La zia Rosamond è morta nella casa dove viveva sola, dopo la morte di Ruth, la sua compagna. Il cadavere viene trovato dal suo medico: la morte ha sorpreso (ma non più di tanto, nel senso che lei era consapevole che l’ora estrema si stava avvicinando) l’anziana donna seduta in poltrona, mentre stava ascoltando un disco e aveva un microfono in mano, con un album di fotografie accanto. A doversi occupare del funerale sarà Gill, la nipote prediletta, che avrà anche la sorpresa di un testamento che destina a lei un terzo degli averi di zia Rosamond, un terzo a suo fratello David e un terzo a Imogen, di cui nessuno conserva memoria, se non molto vagamente. Bisogna tuttavia trovarla e la ricerca sarà possibile solo ascoltando le audiocassette che zia Rosamond ha registrato, lasciando l’ultima evidentemente interrotta dalla morte. Quelle cassette, registrate con un apparecchio antidiluviano, sono destinate a Imogen e raccontano la vita di Rosemond, delle persone che hanno attraversato la sua vita, Imogen compresa, attraverso la descrizione dettagliata di venti fotografie, considerate le più rappresentative di un’esistenza vivace e anticonformista.
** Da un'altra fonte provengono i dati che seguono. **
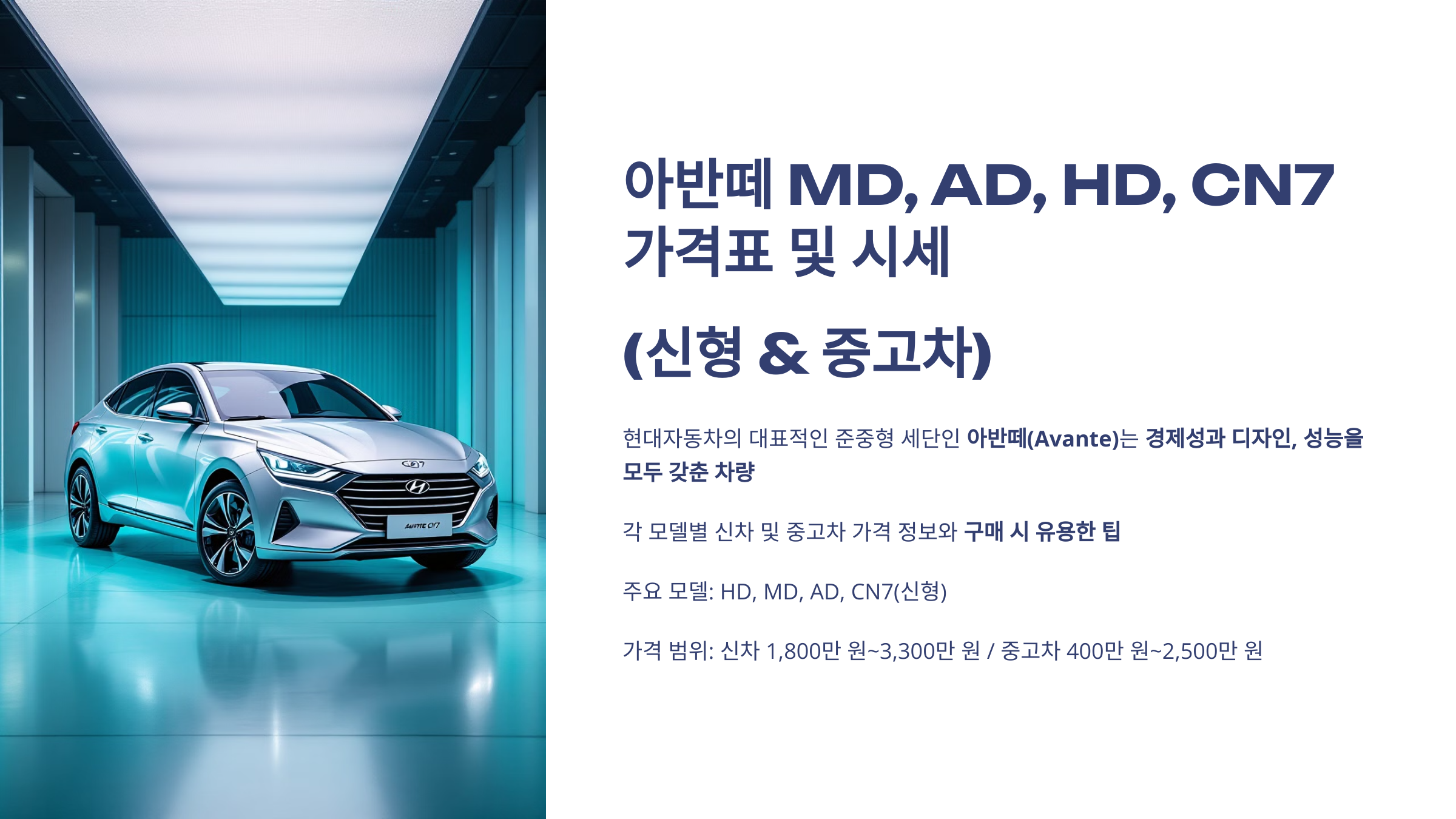 아반떼는 MD, AD, CN7 등 다양한 모델별로 가격 차이가 크며, 신차와 중고차 선택에 따라 예산을 조정할 수 있습니다.

Si tratta di un racconto in prima persona, incastonato nella cornice della narrazione che riguarda Gill e la scomoda gestione di questa eredità: la struttura del racconto nel racconto consente l’incursione volta per volta nel presente di Gill e nel passato di Rosamond. A rendere appassionanti le vicende sono da una parte lo svelamento del mistero che riguarda Imogen, della quale Gill scoprirà il destino dalle parole di sua madre Thea (quella che, da bambina, amava “la pioggia prima che cada”), dall’altra i tasselli della vita di Rosamond che si spiegano davanti al lettore a ricostruire un mosaico di rapporti, sentimenti, incomprensioni, scelte anticonformiste, tra Inghilterra e Canada, dal secondo dopoguerra ai pieni anni Settanta del Novecento.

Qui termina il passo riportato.